Packer is lightweight, runs on every major operating system, and is highly performant, creating machine images for multiple platforms in parallel. Packer comes out of the box with support for creating AMIs (EC2), VMware images, and VirtualBox images. Support for more platforms can be added via plugins.

The images that Packer creates can easily be turned into Vagrant boxes.

Quick Start

Note: There is a great introduction and getting started guide for those with a bit more patience. Otherwise, the quick start below will get you up and running quickly, at the sacrifice of not explaining some key points.

First, download a pre-built Packer binary for your operating system or compile Packer yourself.

After Packer is installed, create your first template, which tells Packer what platforms to build images for and how you want to build them. In our case, we'll create a simple AMI that has Redis pre-installed. Save this file as quick-start.json. Be sure to replace any credentials with your own.

{
  "builders": [{
    "type": "amazon-ebs",
    "access_key": "YOUR KEY HERE",
    "secret_key": "YOUR SECRET KEY HERE",
    "region": "us-east-1",
    "source_ami": "ami-de0d9eb7",
    "instance_type": "t1.micro",
    "ssh_username": "ubuntu",
    "ami_name": "packer-example {{timestamp}}"
  }]
}

Next, tell Packer to build the image:

$ packer build quick-start.json
...

Packer will build an AMI according to the "quick-start" template. The AMI will be available in your AWS account. To delete the AMI, you must manually delete it using the AWS console.

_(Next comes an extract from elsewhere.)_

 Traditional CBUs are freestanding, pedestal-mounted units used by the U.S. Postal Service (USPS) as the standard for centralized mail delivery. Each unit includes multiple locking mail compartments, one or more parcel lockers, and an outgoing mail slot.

Packer builds your images, it does not manage their lifecycle. Where they go, how they're run, etc. is up to you.

Documentation

Full, comprehensive documentation is viewable on the Packer website:

http://www.packer.io/docs

Developing Packer

If you wish to work on Packer itself, you'll first need Go installed (version 1.2+ is required). Make sure you have Go properly installed, including setting up your GOPATH.

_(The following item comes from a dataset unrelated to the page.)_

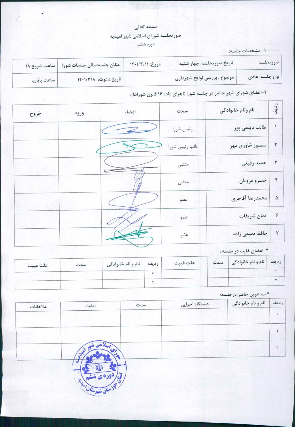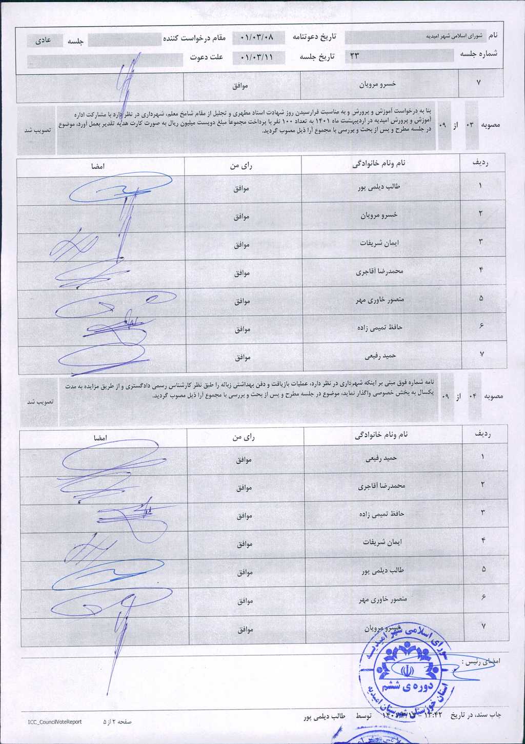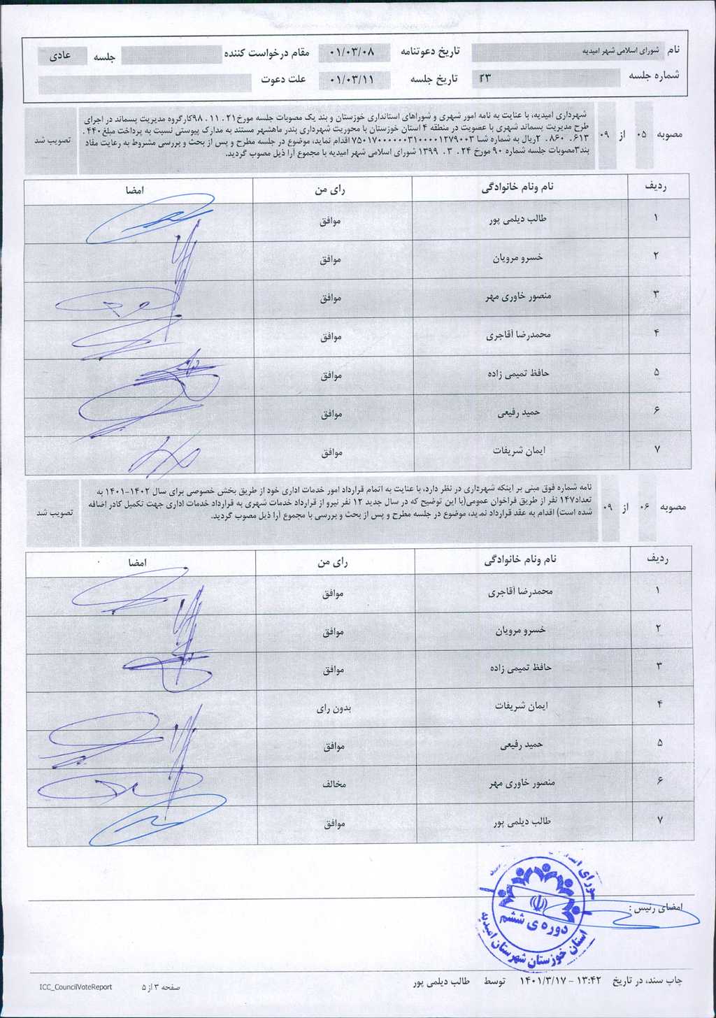 گزارش جلسه شماره ۲۳ مورخ ۱۴۰۱/۳/۱۱ شورای اسلامی شهر امیدیه

For some additional dependencies, Go needs Mercurial and Bazaar to be installed. Packer itself doesn't require these, but a dependency of a dependency does.

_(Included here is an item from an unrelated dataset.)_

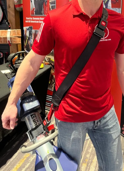 The extrication tool carrying strap was designed to assist firefighters when carrying battery powered extrication tools.

You'll also need gox to compile packer. You can install that with:

$ go get -u github.com/mitchellh/gox

Next, clone this repository into $GOPATH/src/github.com/mitchellh/packer and then just type make. In a few moments, you'll have a working packer executable:

$ make
...
$ bin/packer
...

You can run tests by typing make test.

This will run tests for Packer core along with all the core builders and commands and such that come with Packer.

If you make any changes to the code, run make format in order to automatically format the code according to Go standards.

When new dependencies are added to packer you can use make updatedeps to get the latest and subsequently use make to compile and generate the packer binary.